Pierwszy raz na świecie, lekarze przeszczepili pacjentowi serce pochodzące od genetycznie zmodyfikowanej świni. Choć jest za wcześnie, aby stwierdzić, czy operacja zadziała, to z pewnością, jest to kolejny krok w stronę nowoczesnej medycyny.

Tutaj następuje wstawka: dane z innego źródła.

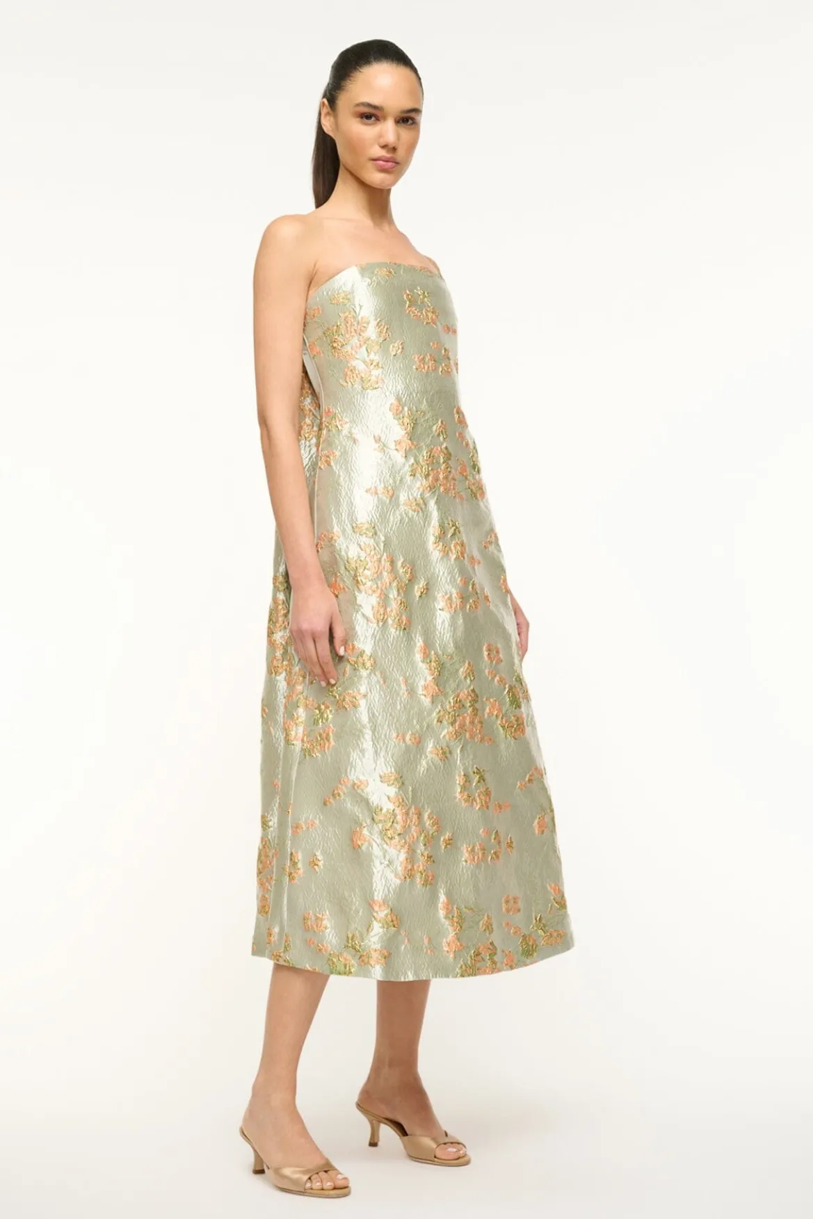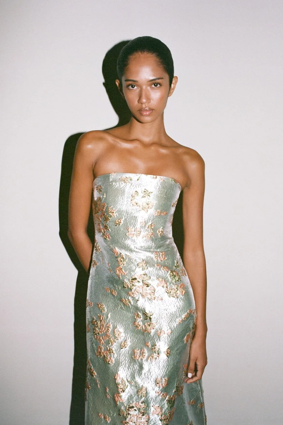 This is a strapless midi length gown with an interior corset and a pleated train at the back. The Kennedy is crafted from a metallic brocade fabric making it perfect for a special occasion.

- Przeprowadzona operacja pokazała, że zwierzęce serce może nadal funkcjonować w człowieku bez natychmiastowego odrzucenia - powiedzieli medycy. David Bennett nie został wcześniej zakwalifikowany do przeszczepu ludzkiego serca. Teraz jest wciąż podłączony do sztucznego płuco-serca, którego wspomaga jego nowy organ.
- Myślę, że można to scharakteryzować jako przełomowe wydarzenie – powiedział o przeszczepie w Maryland dr David Klassen, dyrektor medyczny UNOS.
Ostatnia szansa
- Albo śmierć, albo ten przeszczep. Chcę żyć - powiedział mieszkaniec Maryland w przeddzień pionierskiej operacji.
- Ojciec nie miał innego wyjścia - dodał jego syn The Associated Press.
Lekarze ze szpitala uniwersyteckiego w Maryland powiedzieli, że 57-letni David Bennett czuje się dobrze trzy dni po wysoce eksperymentalnej operacji.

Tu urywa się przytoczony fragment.